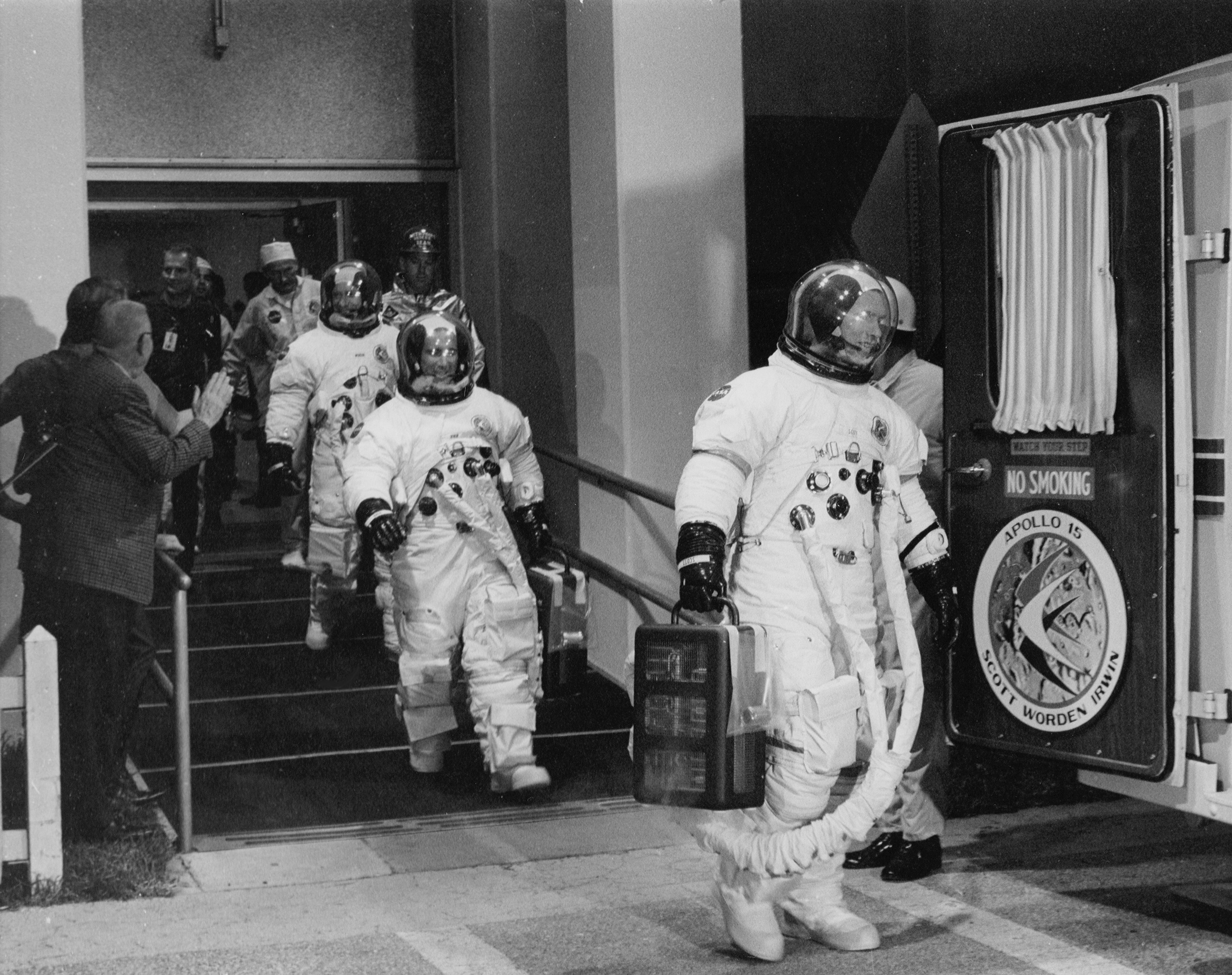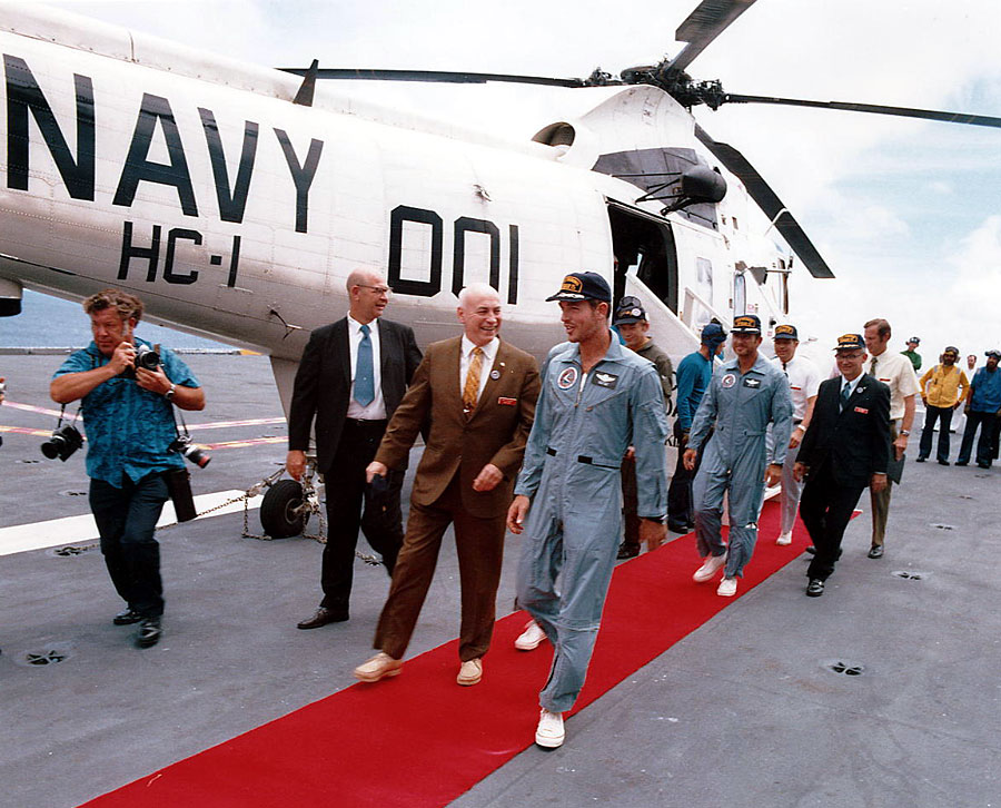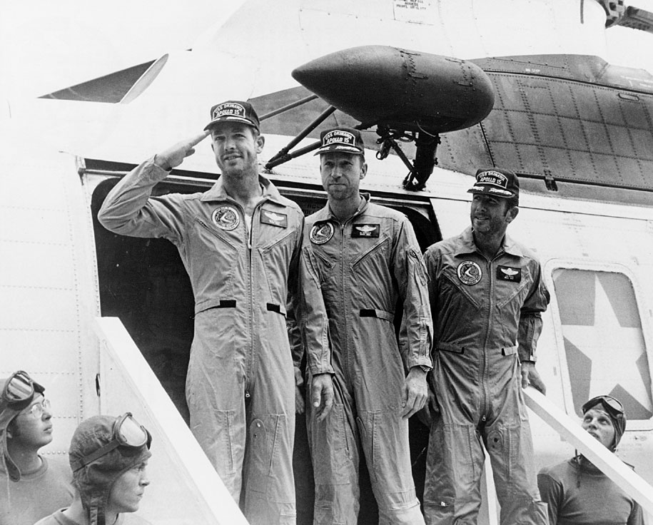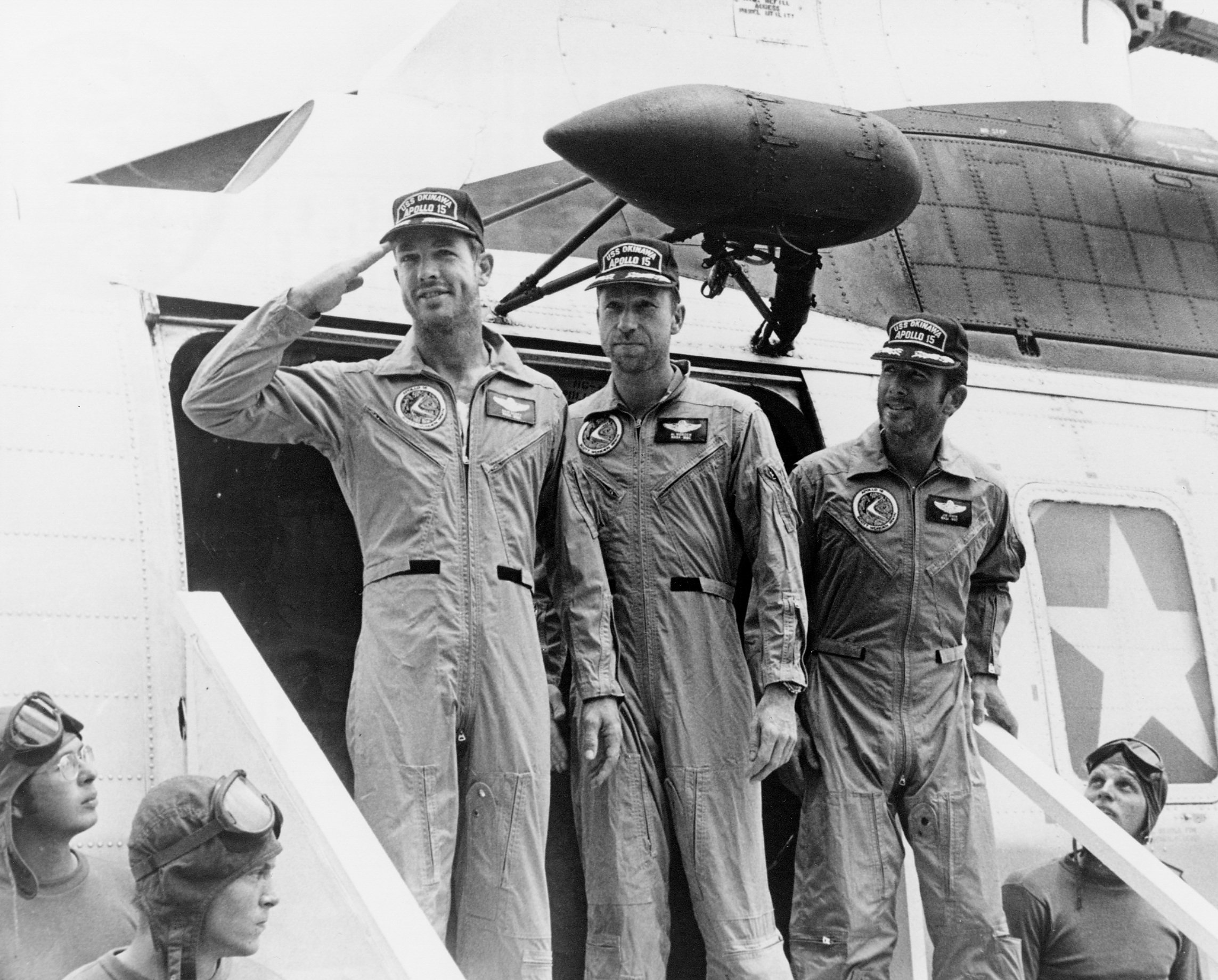 Dave Scott (left), Al Worden, and Jim Irwin exit the recovery helicopter aboard U.S.S. Okinawa. 7 August 1971. Scan by Kipp Teague.71-H-1238 ( 150k or 645k )
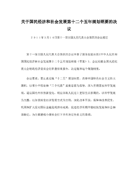 关于国民经济和社会发展第十二个五年规划纲要的决议.doc
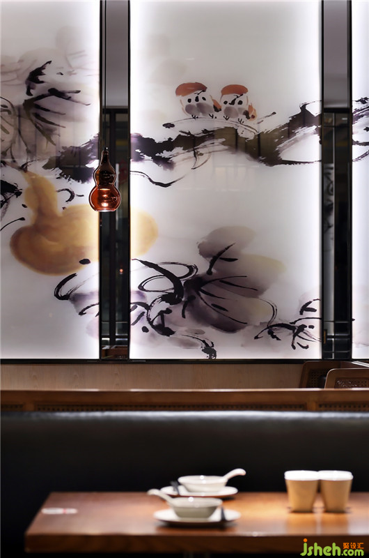 空間開篇的點(diǎn)睛之筆,便是一副墨趣橫生的【難得葫圖】,枝繁果碩,寓意興旺美滿,將中國人的樂活哲學(xué)授予往來食客。門頭處巧妙引入本地造化靈秀的山水微景,藏風(fēng)聚氣,將東方的福瑞涵蘊(yùn)不動聲色地延展開去。
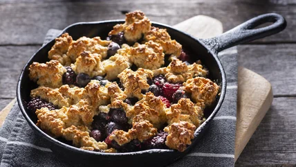 However, if you cook this dessert on the grill or in a smoker, the smoky element that it gains can give your cobbler another layer of flavor beyond sweet to enjoy. To pull off this sweet feat, simply prepare your fruit and batter as you would normally in a cast iron skillet and cook it on your grill or in your smoker at 350 degrees Fahrenheit until your fruit of choice's juice is bubbling and the batter has turned golden brown. The burning wood or sweating wood chips will create a beautiful smoke that infuses your cobbler. But if you are going to smoke your cobbler, pay attention to the temperature and wood that you use.
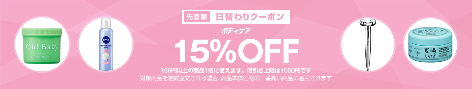 Yahoo!ショッピングで 【ボディケアカテゴリで使える15%OFFクーポン】 が開催中です。
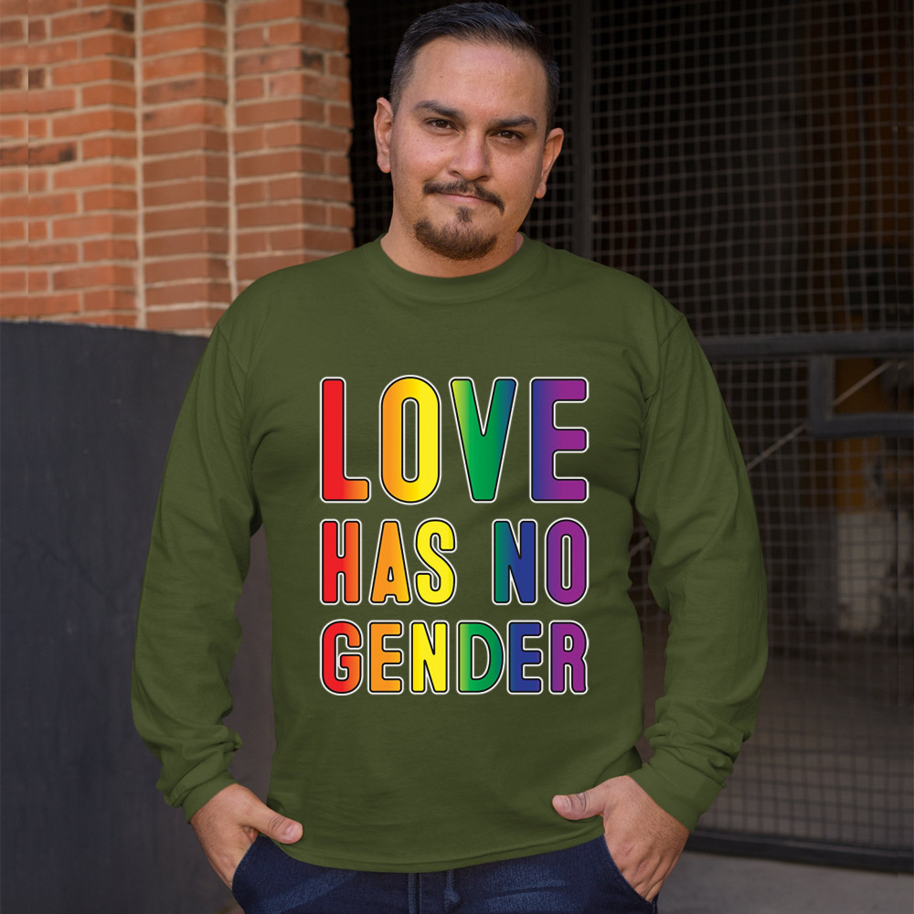 LOVE HAS NO GENDER long sleeve t-shirt lesbian gay bi transgender queer ally military green
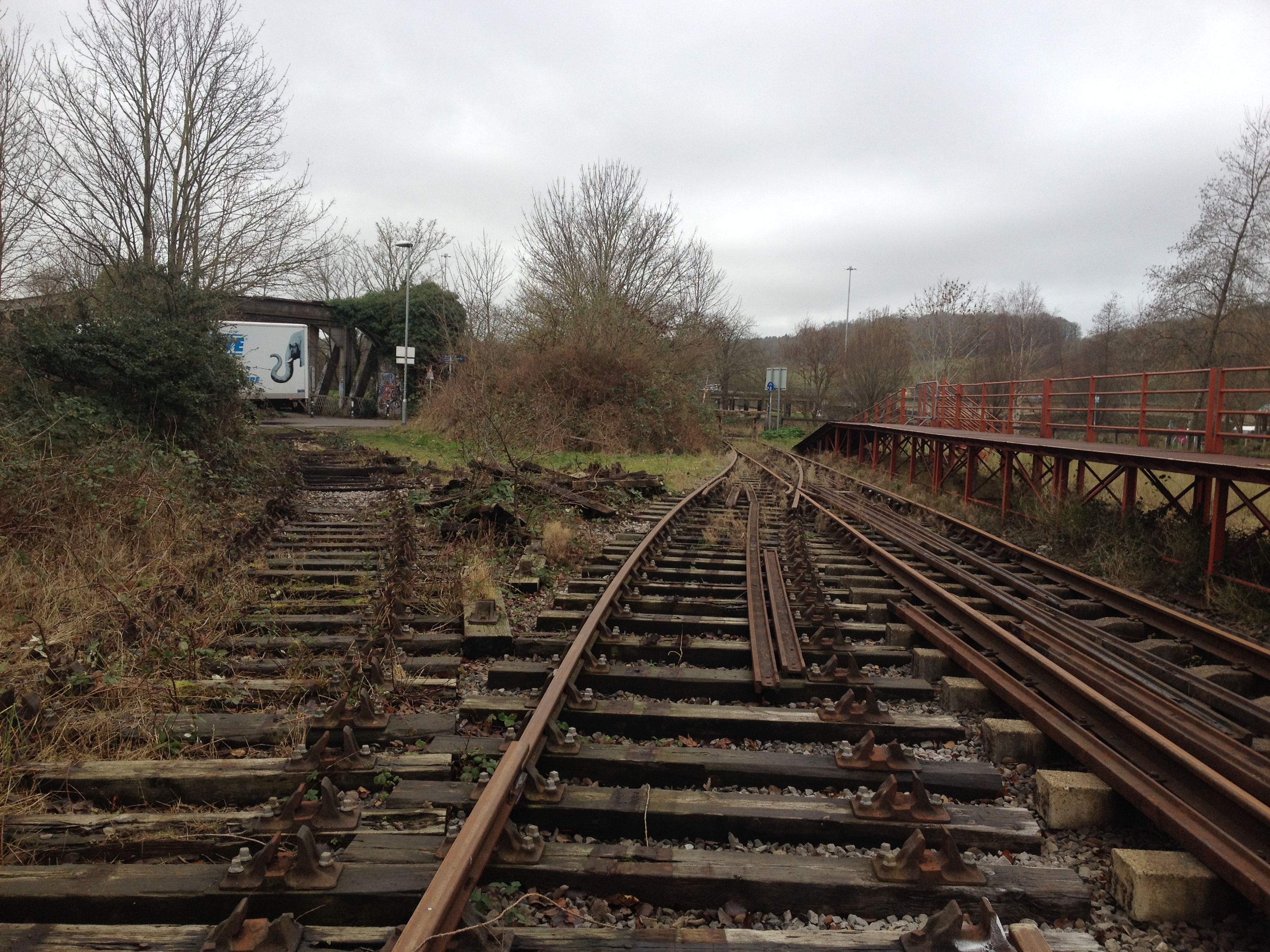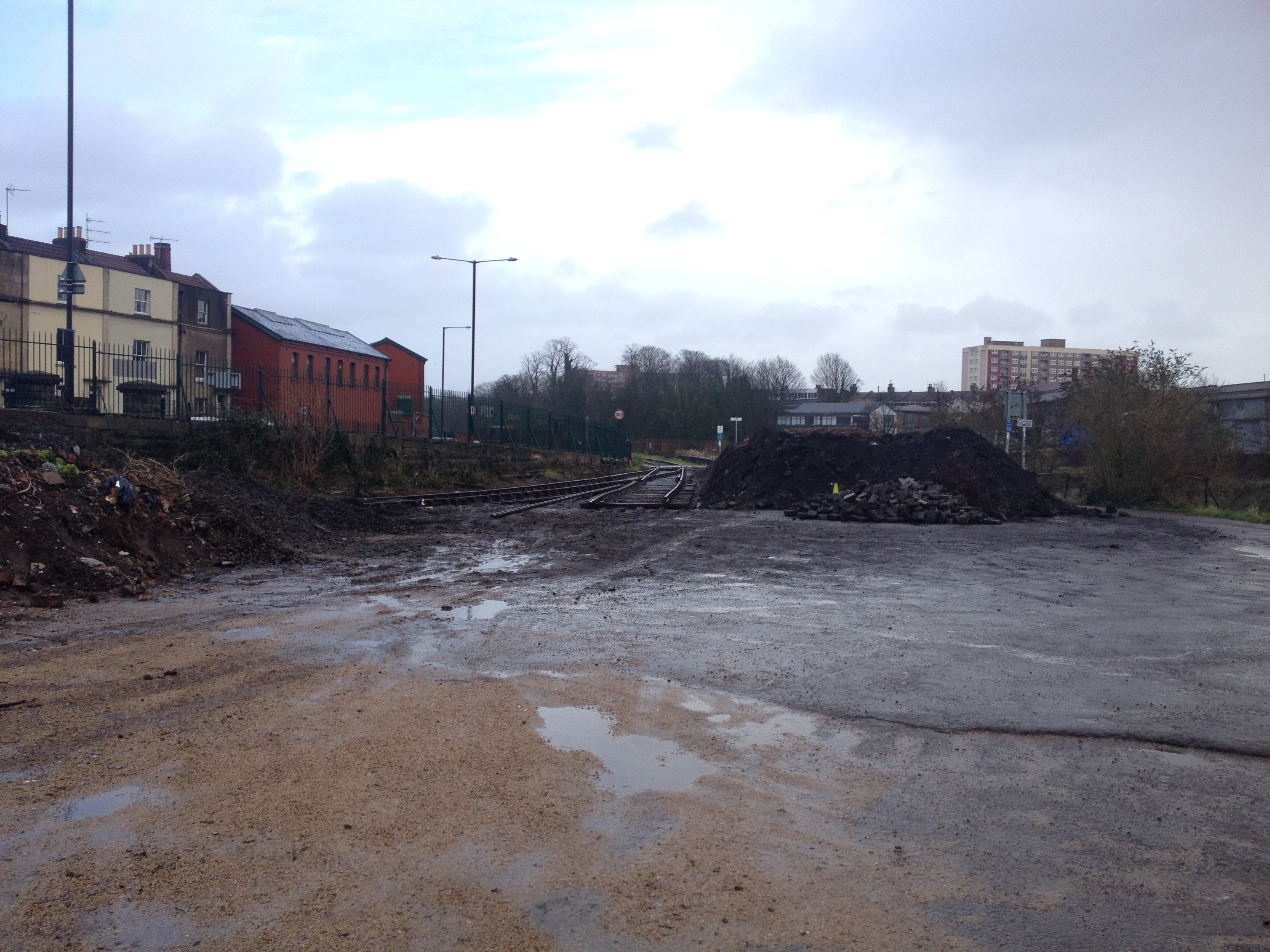 The foreground is where the spur to Ashton Meadows used to run – this is planned to form part of the Metrobus route

**Instructions to follow**
Verbatim transcription needed, from the opening line of the entries above through the line containing "关于国民经济和社会发展第十二个五年规划纲要的决议.doc"; pictures do not belong in it.

**Written answer**
 Dave Scott (left), Al Worden, and Jim Irwin exit the recovery helicopter aboard U.S.S. Okinawa. 7 August 1971. Scan by Kipp Teague.71-H-1238 ( 150k or 645k )
 关于国民经济和社会发展第十二个五年规划纲要的决议.doc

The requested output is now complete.